Given information:
_ _ _ _ _
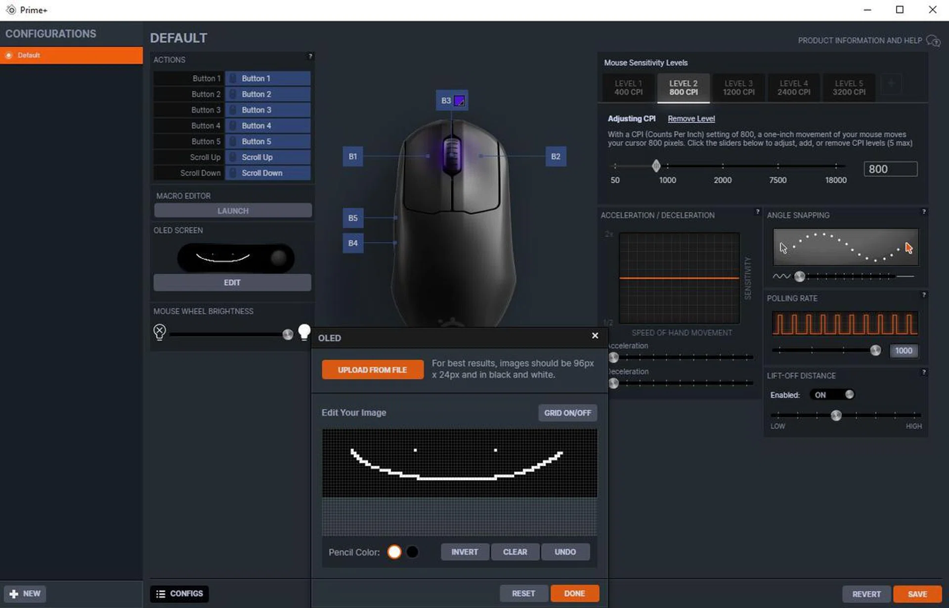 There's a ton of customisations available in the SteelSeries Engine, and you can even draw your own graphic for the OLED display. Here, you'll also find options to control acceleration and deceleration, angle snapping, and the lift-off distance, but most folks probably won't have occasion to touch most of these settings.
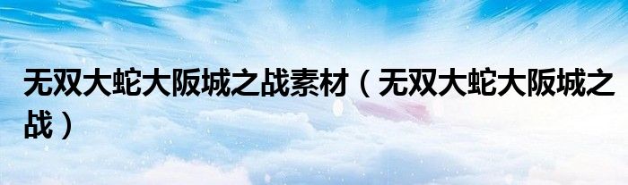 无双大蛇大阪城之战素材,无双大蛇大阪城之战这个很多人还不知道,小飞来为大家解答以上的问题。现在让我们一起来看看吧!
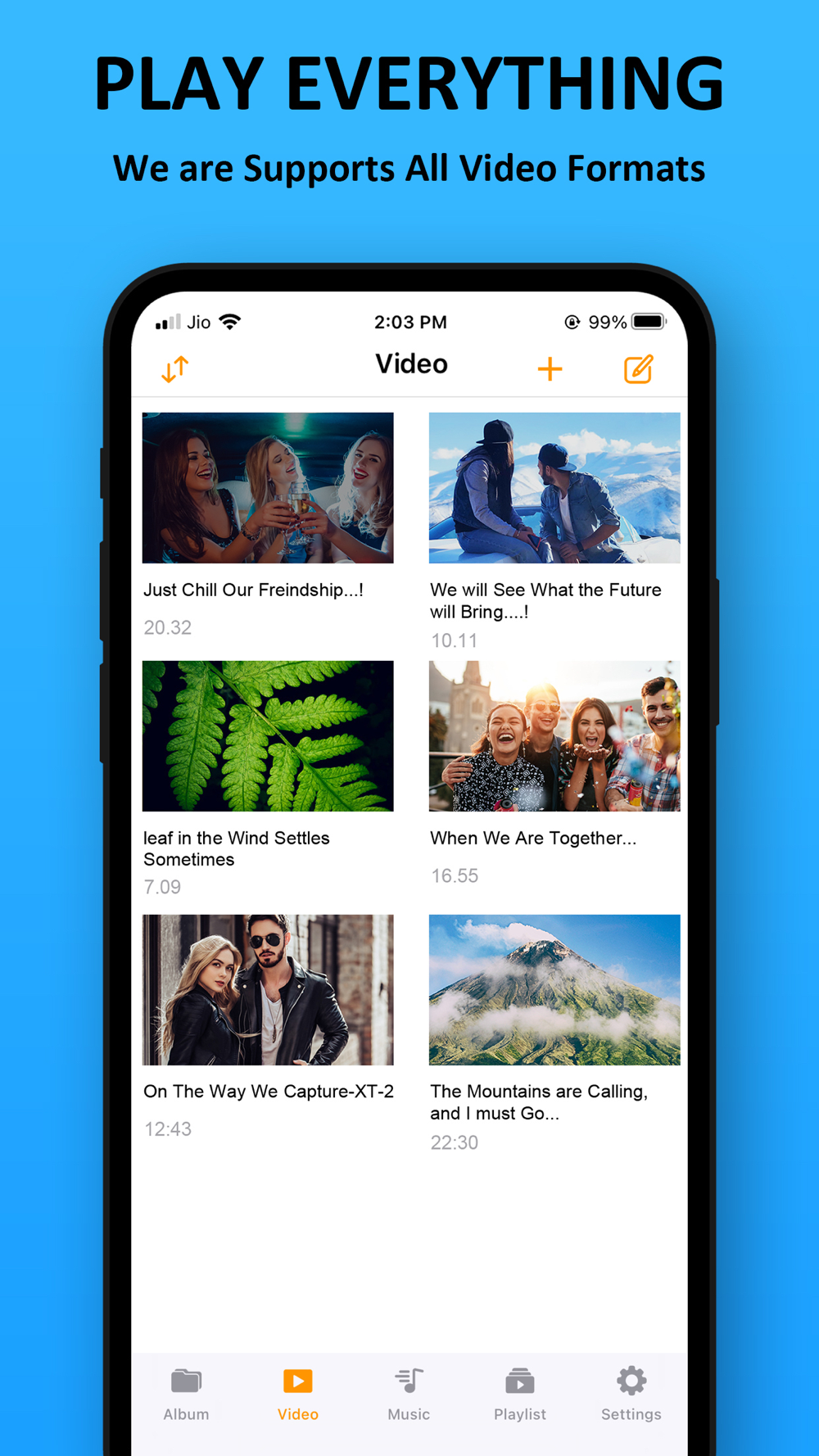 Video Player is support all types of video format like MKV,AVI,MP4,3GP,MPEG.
_ _ _ _ _
Aim of the exercise: Drop the pictures and give every line above again exactly.

Exercise response:
 There's a ton of customisations available in the SteelSeries Engine, and you can even draw your own graphic for the OLED display. Here, you'll also find options to control acceleration and deceleration, angle snapping, and the lift-off distance, but most folks probably won't have occasion to touch most of these settings.
 无双大蛇大阪城之战素材,无双大蛇大阪城之战这个很多人还不知道,小飞来为大家解答以上的问题。现在让我们一起来看看吧!
 Video Player is support all types of video format like MKV,AVI,MP4,3GP,MPEG.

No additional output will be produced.